### Required action
Please copy the lines below, exactly as they are, from the one with "やみくもにパートナー契約を増" through the one with "我们来看一个简单的例子,在上", and leave out the pictures.

### Records for processing
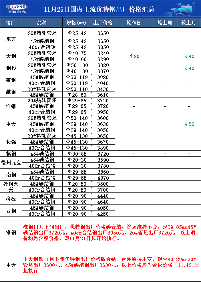 • 11月25日国内主流优特钢出厂价格汇总
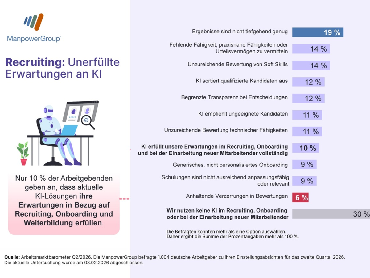 *Der Netto-Beschäftigungsausblick (NBA) errechnet sich aus dem Anteil der Unternehmen, die einen Beschäftigungsanstieg erwarten, abzüglich derer, die einen Beschäftigungsrückgang prognostizieren. An der Befragung nahmen weltweit über 47.100 und deutschlandweit 1.004 Unternehmen teil. Die aktuelle Untersuchung wurde im Zeitraum vom 1. Januar bis zum 3. Februar 2026 durchgeführt.
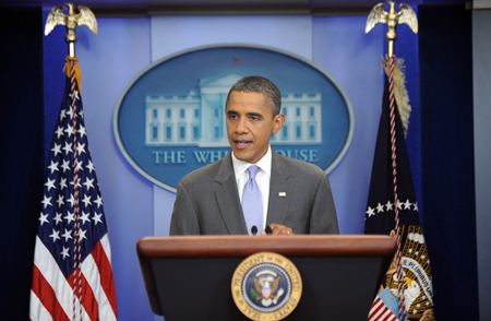7月31日,在美國(guó)華盛頓白宮,奧巴馬在記者會(huì)上宣布美國(guó)國(guó)會(huì)兩黨已就提高債務(wù)上限達(dá)成一致。 分析認(rèn)為,如果這份協(xié)議未來幾天在國(guó)會(huì)兩院順利獲得通過,備受全球關(guān)注的美國(guó)債務(wù)違約警報(bào)將暫時(shí)得以解除,但美國(guó)長(zhǎng)期債務(wù)形勢(shì)依然嚴(yán)峻。
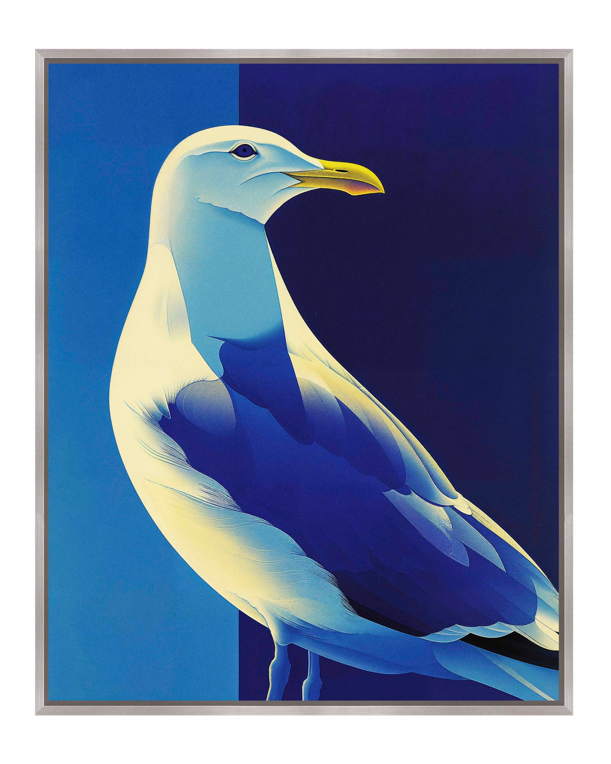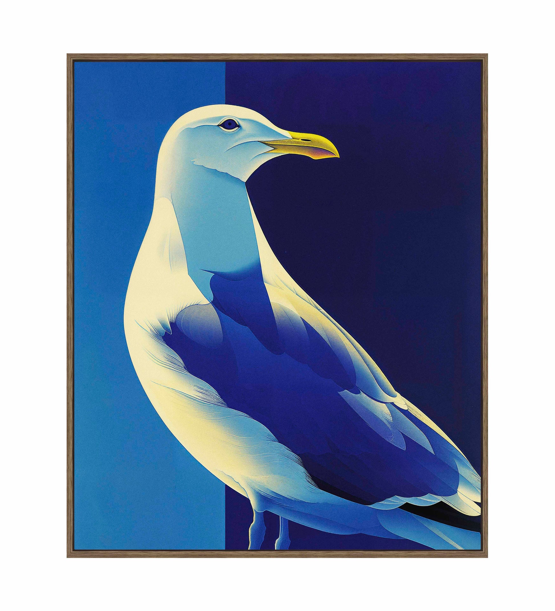 The artist's use of rich, saturated colors and soft gradients brings a sense of depth and tranquility to the composition. The seagull, with its poised stance and sharp, yellow beak, stands out vividly against the deep blue background, emphasizing its graceful and commanding presence. The minimalist approach to the background further enhances the focus on the seagull, allowing its elegant form to dominate the scene.
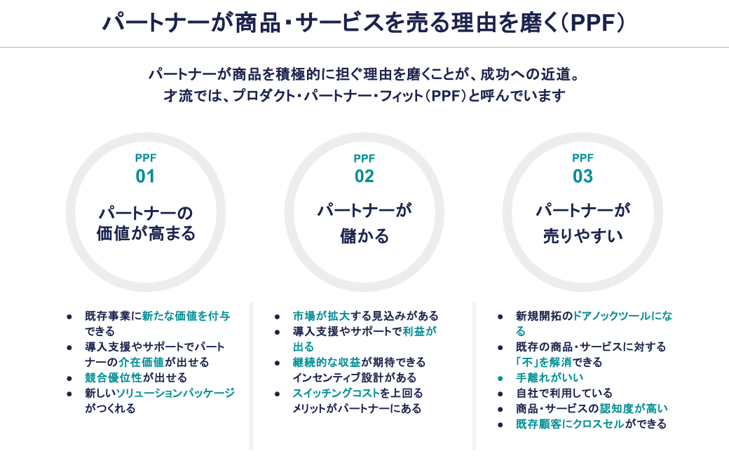 やみくもにパートナー契約を増やすのではなく、まずはパートナーが「自ら売りたい」と感じられる理由を設計するために、「PPFプロダクト・パートナー・フィット)」を明確に定義します。
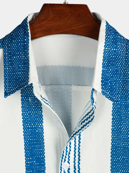 Men's Vintage Blue Vertical Striped Casual Short Sleeve Shirt
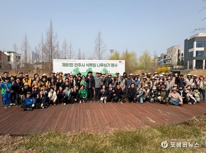 전주시는 27일 혁신동 만성1호근린공원에서 윤동욱 전주시장 권한대행 부시장과 전주시의회 의원, 성현유치원 교사와 원아, 혁신동 주민 등 160여 명이 참여한 가운데 ‘제81회 식목일 나무심기 행사’를 개최했다.
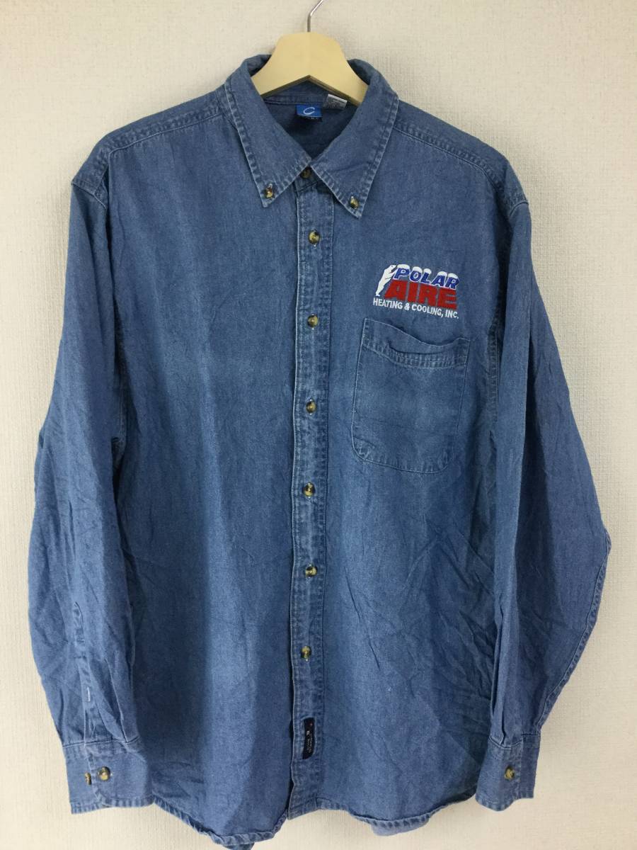 90s PORT AND COMPANY デニムシャツ 企業モノ Mサイズ POLAR AIRE
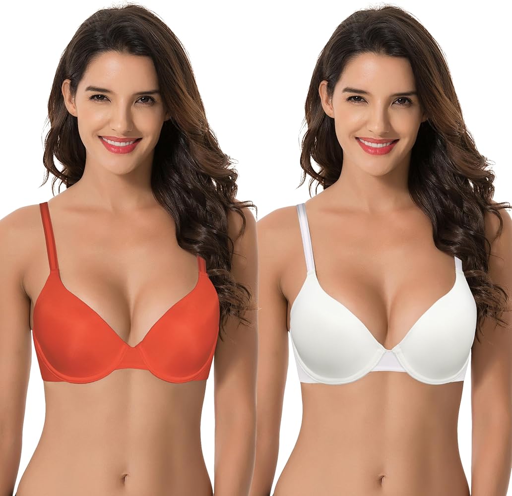 Curve Muse Women s Plus Size Full Coverage Padded Underwire Bra 2PK Ivory Flame 46C EU 105C Amazon Fashion Very well made.
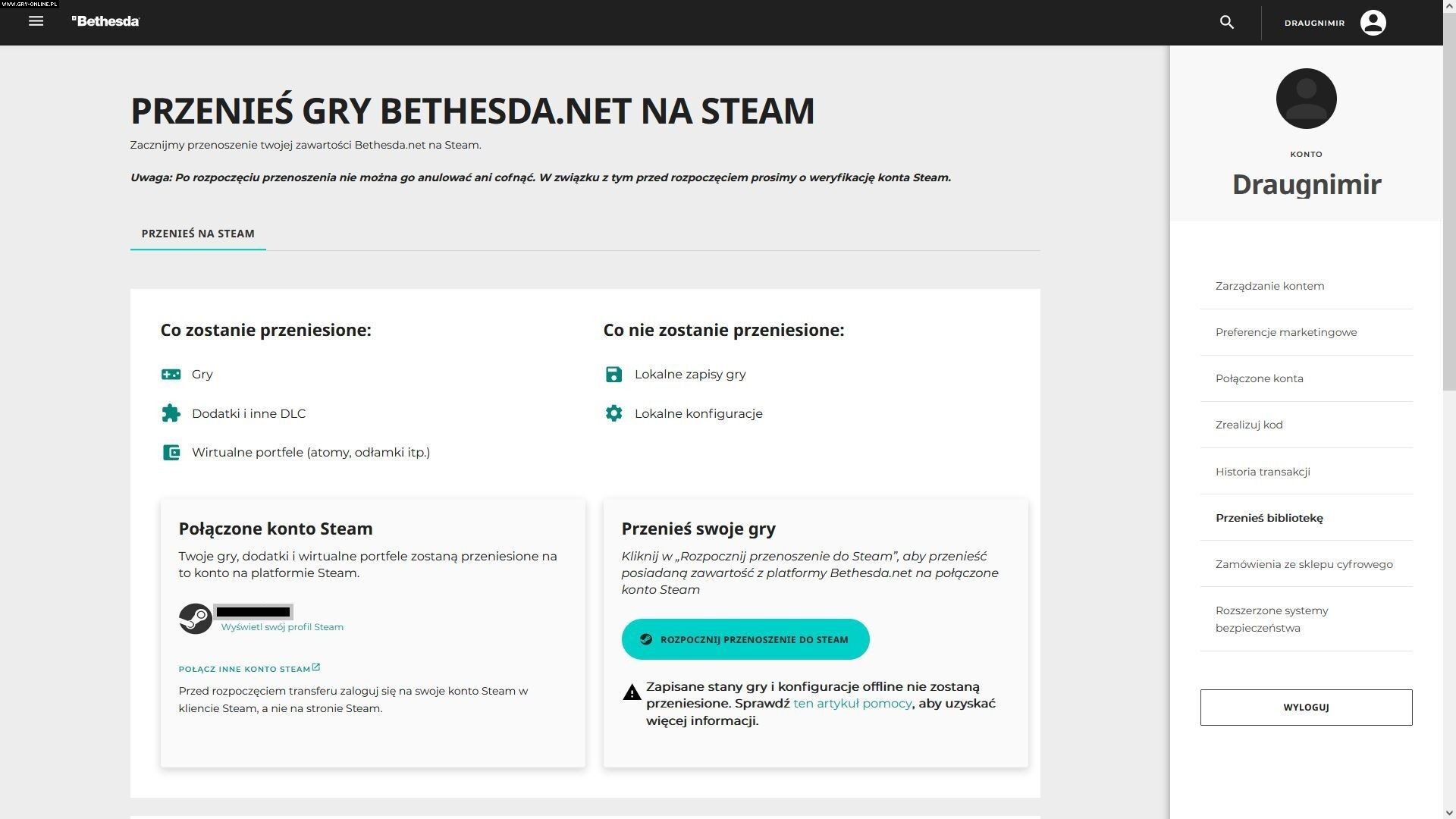 Po rozpoczęciu procesu przenoszenia nie można anulować ani też cofnąć go po zakończeniu. Gdy już przeniesiemy konto Bethesda.net na Steama, gry w launcherze Bethesda.net na PC nie będą dłużej dostępne poprzez niego, a tylko na platformie firmy Valve.
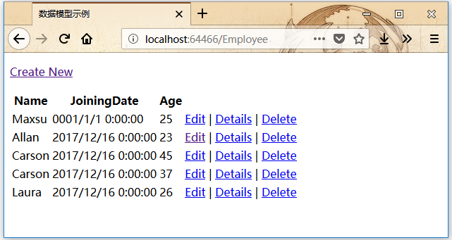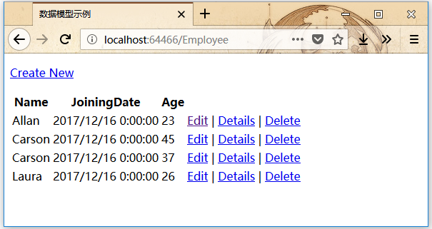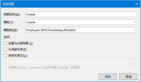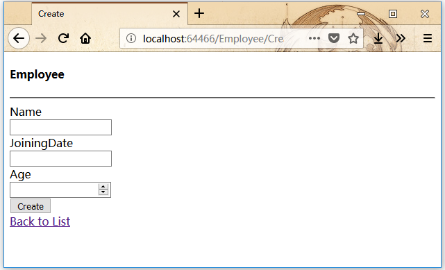 我们来看一个简单的例子,在上一章的项目中添加一个“创建视图”,我们将看到如何从视图中获取这些值传到employeecontroller动作方法。
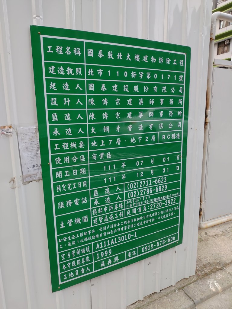 「三井花園飯店台北敦北館」開發案在經過了一年後,現址的「建物拆除工程」已將先前的國泰世華銀行拆除,呈現平坦的外觀,就現場的工程告示牌所示,預計在今年將開始飯店主體建築工程。按三井不動產最初的規劃來看,該處將興建地上14層、地下3層飯店與銀行共構的大樓,總客房數185間,至於早先預計的完工開幕期2024年,應該會再延後一至二年之許。
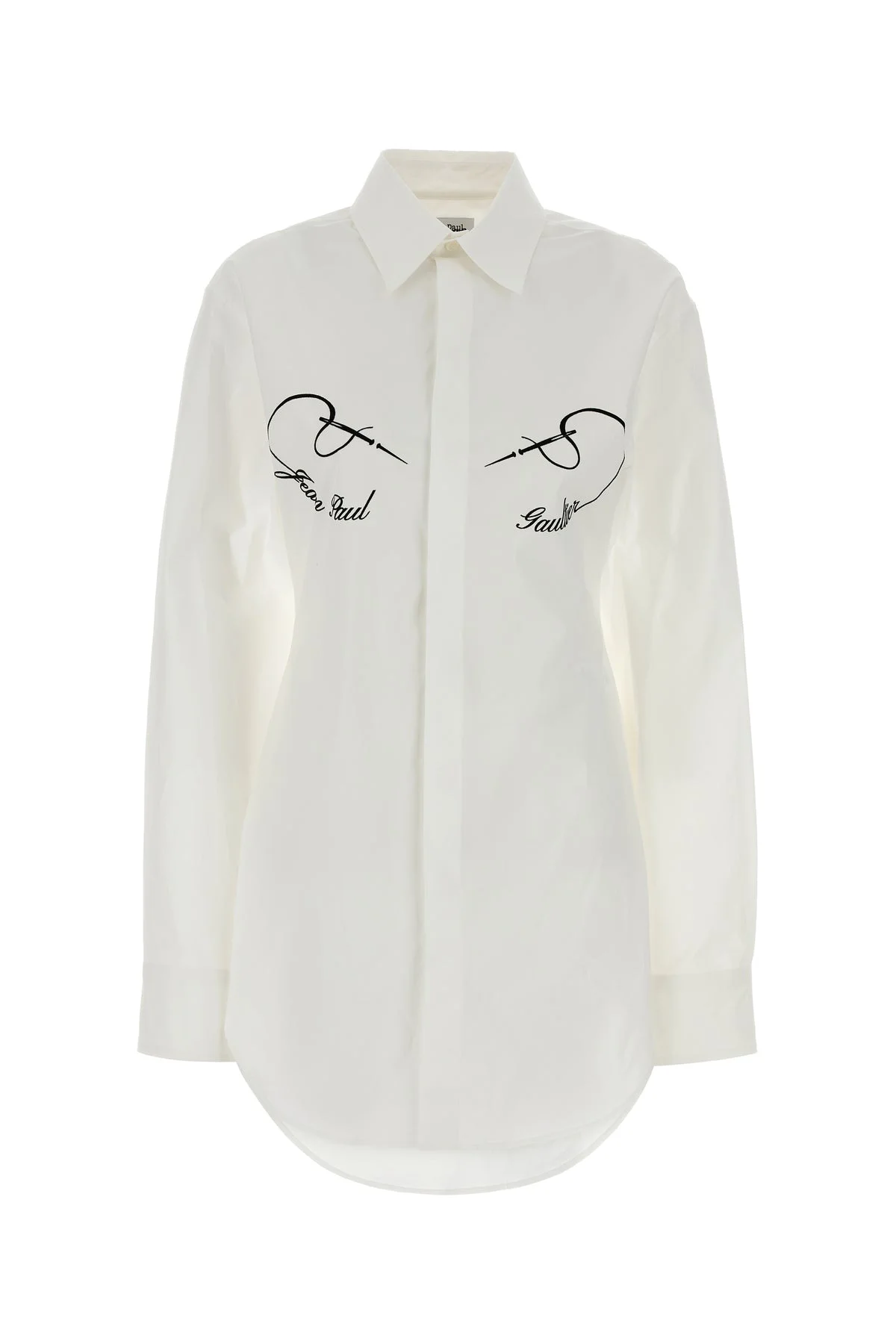 Shirt realized in stretch cotton poplin characterized by contrasting embroidered logo on the chest. - Italian collar - Buttons closure - Angle cuffs with button - Rear yoke DETAILS White stretch poplin shirt Exterior: 97% Cotton 3% Elastane Made in morocco Sample size: 38
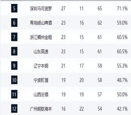季后賽席位已基本明朗:前九名球隊全部鎖定名額。青島隊(23勝16負)位列第六,浙江稠州(23勝15負)與山東高速(23勝15負)因少賽一場暫列第七、第八,仍有上升空間。遼寧本鋼(21勝17負)穩居第九,確保季后賽資格。

### Your response
 やみくもにパートナー契約を増やすのではなく、まずはパートナーが「自ら売りたい」と感じられる理由を設計するために、「PPFプロダクト・パートナー・フィット)」を明確に定義します。
 Men's Vintage Blue Vertical Striped Casual Short Sleeve Shirt
 전주시는 27일 혁신동 만성1호근린공원에서 윤동욱 전주시장 권한대행 부시장과 전주시의회 의원, 성현유치원 교사와 원아, 혁신동 주민 등 160여 명이 참여한 가운데 ‘제81회 식목일 나무심기 행사’를 개최했다.
 90s PORT AND COMPANY デニムシャツ 企業モノ Mサイズ POLAR AIRE
 Curve Muse Women s Plus Size Full Coverage Padded Underwire Bra 2PK Ivory Flame 46C EU 105C Amazon Fashion Very well made.
 Po rozpoczęciu procesu przenoszenia nie można anulować ani też cofnąć go po zakończeniu. Gdy już przeniesiemy konto Bethesda.net na Steama, gry w launcherze Bethesda.net na PC nie będą dłużej dostępne poprzez niego, a tylko na platformie firmy Valve.
 我们来看一个简单的例子,在上一章的项目中添加一个“创建视图”,我们将看到如何从视图中获取这些值传到employeecontroller动作方法。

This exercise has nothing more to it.